> What you will do
Pictures stay out of the copy. Transcribe exactly, and only, the line with "وفي المقابل، نشر" through the last line of the entries below.

> Record excerpts

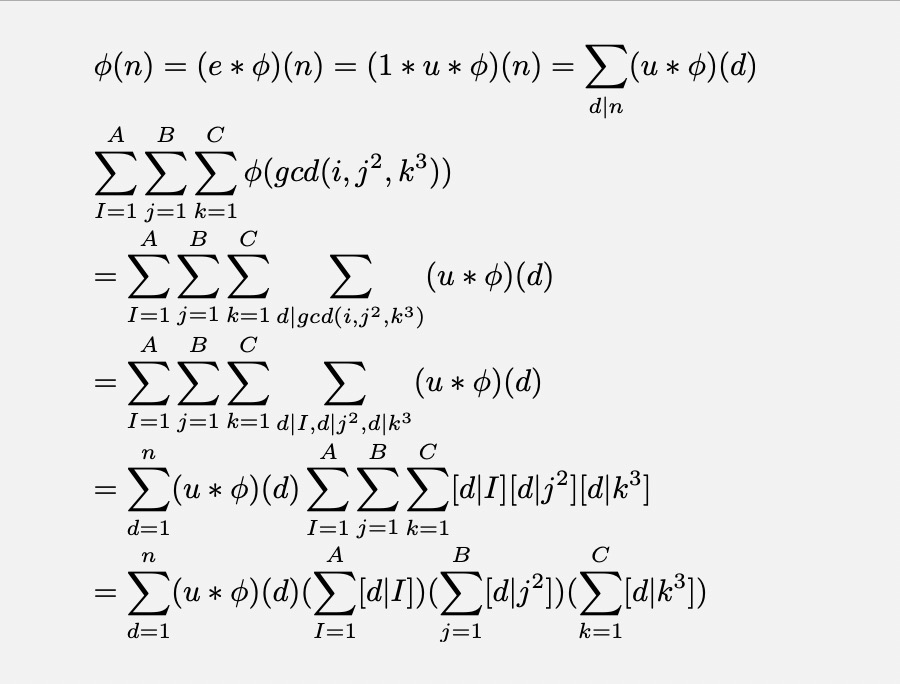 ans+=phu[i]*(a/i)*(b/f2[i])*(c/f3[i]);
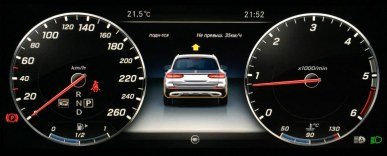 С помощью этой недешевой опции водитель сможет увидеть «парящее над капотом» виртуальное изображение размером приблизительно 21 на 7 см, содержащее важную информацию о движении. Характер выводимой информации можно настраивать. Отметим, что, на наш взгляд, наиболее полезной является информация о состоянии автопилота Distronic, скорости движения и распознанных дорожных знаках. Информация с навигационной системы выводится не совсем корректно, так, обозначения «км» и «м», характеризующие единицу оставшегося расстояния, заменяются характерными для неправильной кодировки «кракозябрами». Часть названий населенных пунктов выводится кириллицей, часть — латиницей.
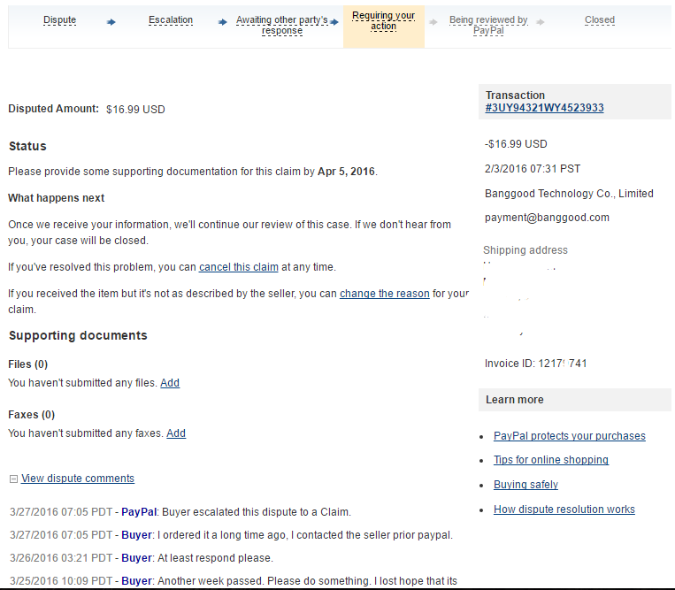 Egy Gearbest-es vásárlás után claim-et kellett indítanom (ez volt az első alkalom számomra), mert nem kaptam meg a terméket és a PayPal refund-ot ítélt meg, ami már látszik is ha belépek a PayPal fiókomba.
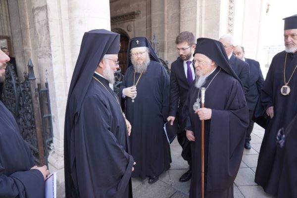 Ο Παναγιώτατος συνοδευόταν από τους Σεβασμιωτάτους Μητροπολίτες Γέροντα Χαλκηδόνος κ. Εμμανουήλ και Καλλιουπόλεως και Μαδύτου κ. Στέφανο, τους Πανοσιολ. Μ. Εκκλησιάρχη κ. Αέτιο, Διευθυντή του Ιδιαιτέρου Πατριαρχικού Γραφείου, Δευτερεύοντα κ. Καλλίνικο και Αρχιμανδρίτη του Οικουμενικού Θρόνου κ. Χαράλαμπο Νichev, τον Άρχοντα της Μ.τ.Χ.Ε. κ. Boris Gurov, και τους κυρίους Νικόλαο-Γεώργιο Παπαχρήστου, Διευθυντή του Γραφείου Τύπου και Επικοινωνίας του Οικουμενικού Πατριαρχείου, και Πέτρο Μπαζγκάρλο, εκ των Γραμματέων του Πατριαρχείου.
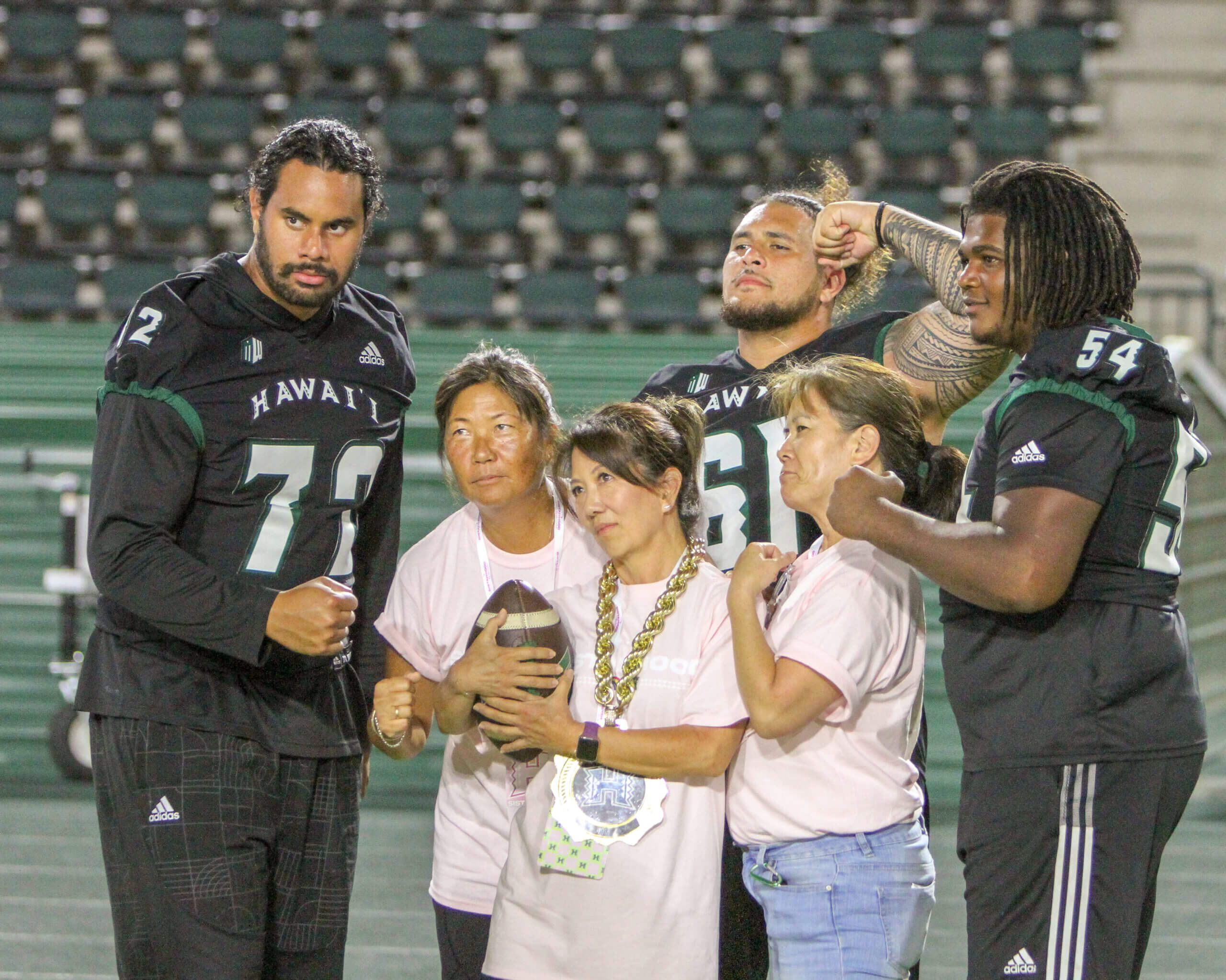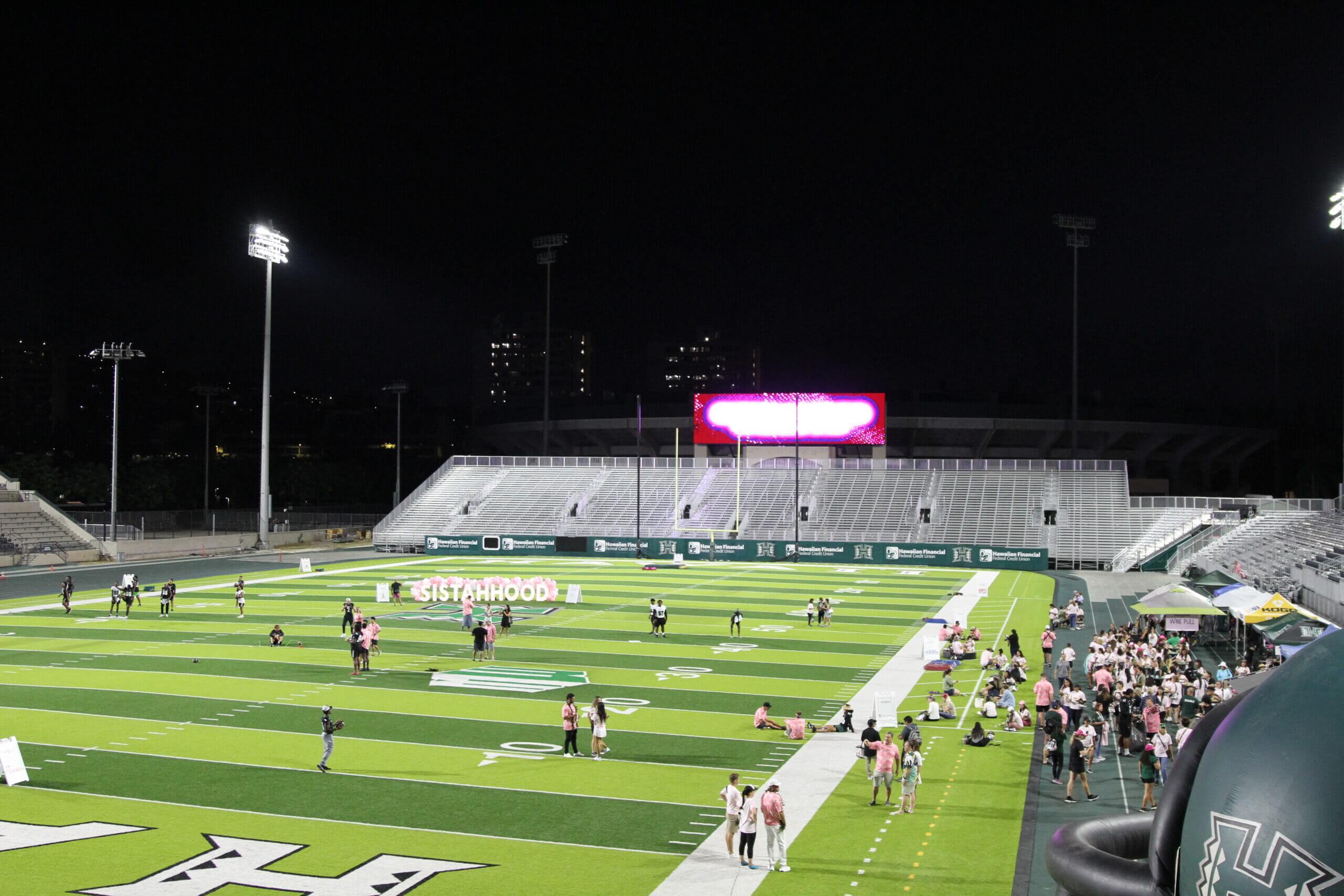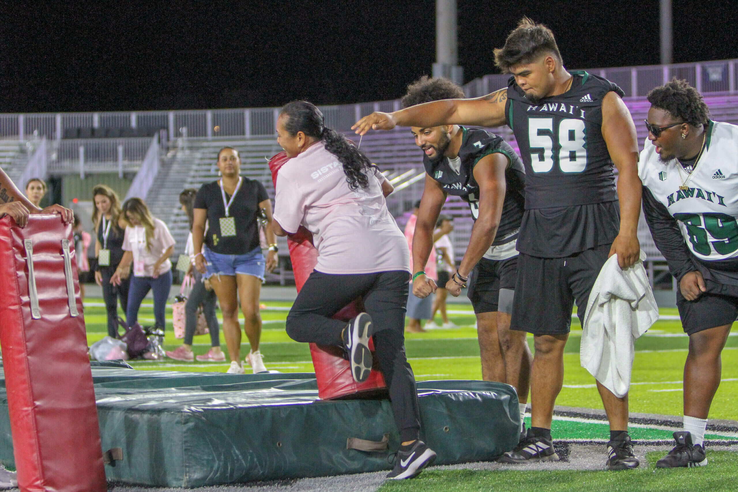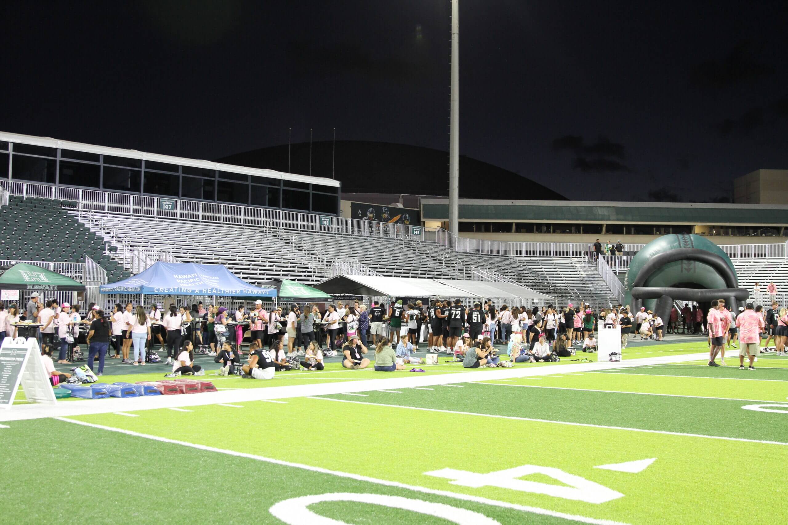 The Sistahhood Social 2 was held on August 19th at the UH athletic department and TC Ching Field. Participants were treated to chalk talks by the coaches, tours of the new weight room and renovated lockerroom, food and beverages and live drills conducted by the coaches and players. There were also a live and online auctions. The event raised nearly $100,000 for the Warrior football program.
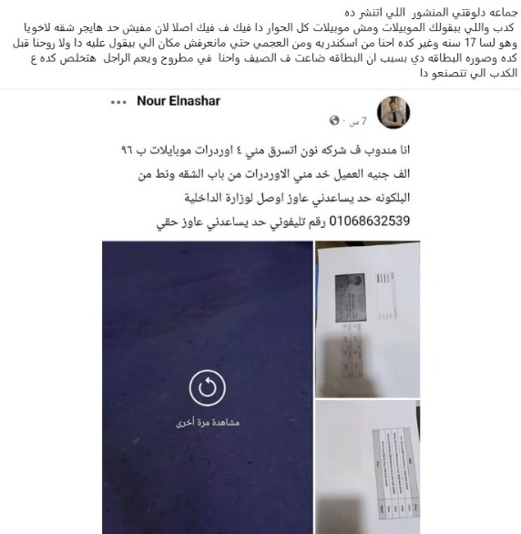 وفي المقابل، نشر أحد الأشخاص الذي يدعى عمرو خالد، منشورًا عبر فيسبوك، مدعيًا فيه أنه شقيق المتهم بسرقة الهواتف. ونفى فيه صحة ما تم تداوله، واصفًا الاتهامات بأنها غير صحيحة ومفبركة، على حد قوله.
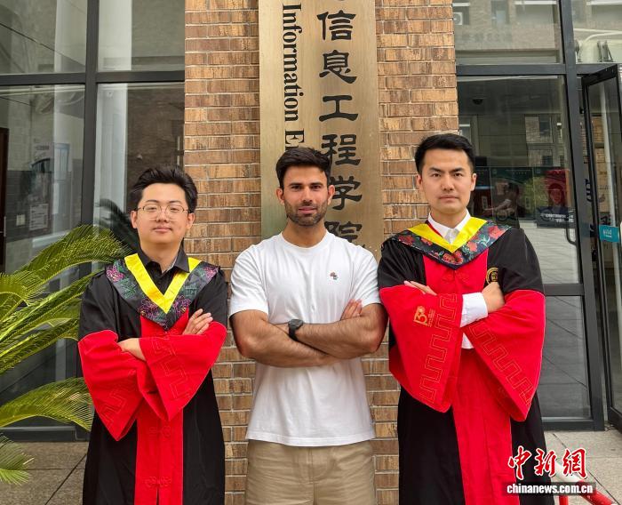 2024年6月,世界智能產(chǎn)業(yè)博覽會期間,穆罕默德·沙拉爾與導(dǎo)師和實(shí)驗(yàn)室同學(xué)一起參與相關(guān)科研成果展陳工作。(天津大學(xué) 供圖)
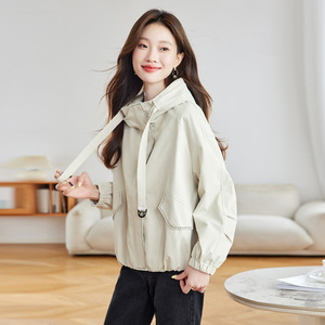 风衣外套女秋季2025新款小个子休闲连帽夹克女士洋气减龄百搭上衣
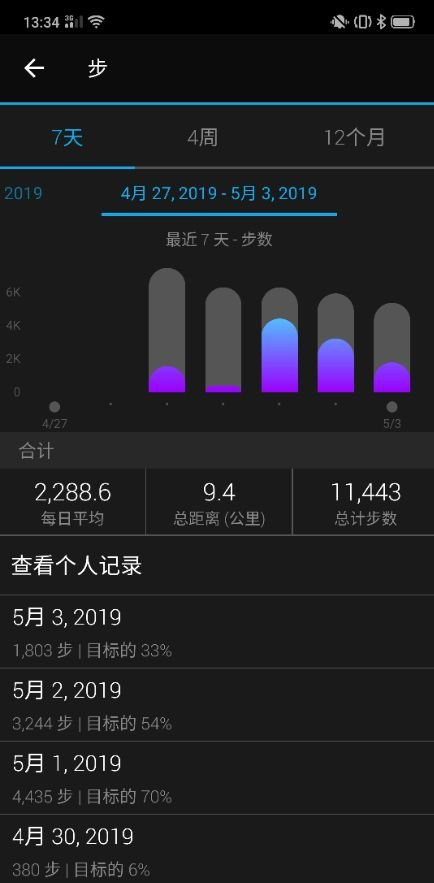 手机App计步数据一周、四周、全年,记录下来以便形成线性显示更加直观

> Solution to this problem
 وفي المقابل، نشر أحد الأشخاص الذي يدعى عمرو خالد، منشورًا عبر فيسبوك، مدعيًا فيه أنه شقيق المتهم بسرقة الهواتف. ونفى فيه صحة ما تم تداوله، واصفًا الاتهامات بأنها غير صحيحة ومفبركة، على حد قوله.
 2024年6月,世界智能產(chǎn)業(yè)博覽會期間,穆罕默德·沙拉爾與導(dǎo)師和實(shí)驗(yàn)室同學(xué)一起參與相關(guān)科研成果展陳工作。(天津大學(xué) 供圖)
 风衣外套女秋季2025新款小个子休闲连帽夹克女士洋气减龄百搭上衣
 手机App计步数据一周、四周、全年,记录下来以便形成线性显示更加直观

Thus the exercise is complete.